Estes elementos diversos que compõem o São João têm sido trazidos pelas quadrilhas que apresentam temas a cada ano em suas apresentações. Desta forma, a cultura indígena e entidades da espiritualidade africana também ganham destaque.
Um reencontro com a França
O São João de Maracanaú faz homenagem à cidade de Paris em 2024
São João de Maracanaú/Divulgação
No Ceará, o São João de Maracanaú também aposta na diversidade de temas que cabem na festa. O espaço que recebe shows e apresentações de quadrilha faz uma homenagem à cidade de Paris.
A Torre Eiffel, a pirâmide do Museu do Louvre e até um quadro da Mona Lisa nordestina são algumas das referências encontradas pelo público no local da festa, que acontece na região metropolitana de Fortaleza até o dia 23 de junho.
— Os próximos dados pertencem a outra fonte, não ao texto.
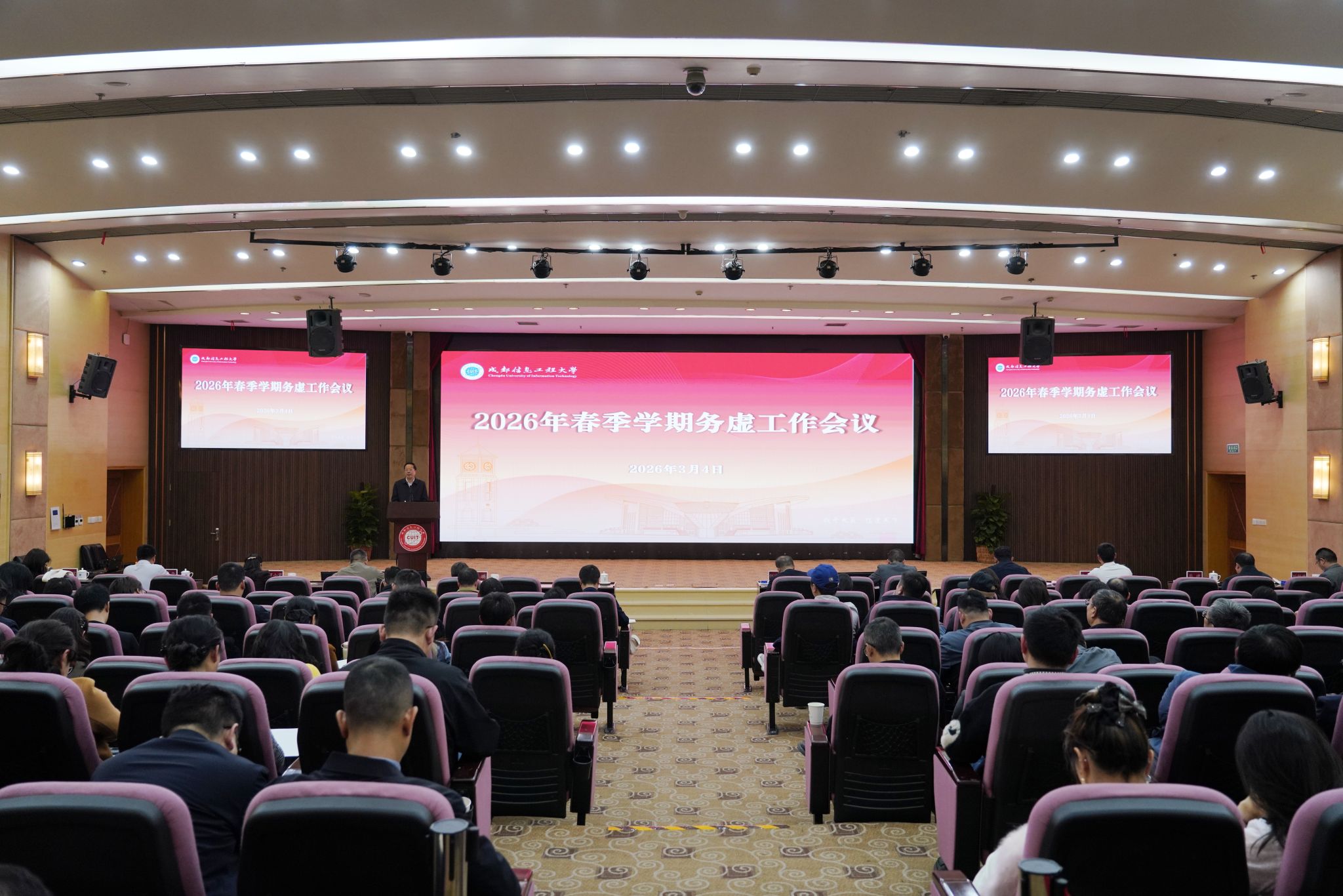 3月4日,学校2026年春季学期务虚工作会在航空港校区国际会议厅召开。会议围绕加快推进特色鲜明一流信息工程大学建设目标,全面贯彻落实学校第二次党代会精神,科学谋划“十五五”规划,进一步研究部署学校2026年重点工作,务虚谋实、凝心聚力,全力推进各项工作开好局、起好步。会议由学校党委书记沈火明主持,全体校领导、副处级以上中层干部参加会议。

A escolha do tema faz alusão a Paris como sede das Olimpíadas em 2024. O evento junino, promovido pela prefeitura de Maracanaú, conta com a divulgação internacional em território francês, envolvendo encontros com membros da embaixada e do consulado do país europeu.
Com bandeirinhas juninas em azul, vermelho e branco, o espaço da festa também traz uma réplica da fachada do cabaré parisiense Moulin Rouge. Como lugar de misturas e conexões, os festejos juninos da cidade contam ainda com monumentos e fachadas que aludem a outras cidades, do Cristo Redentor aos prédios de Nova York.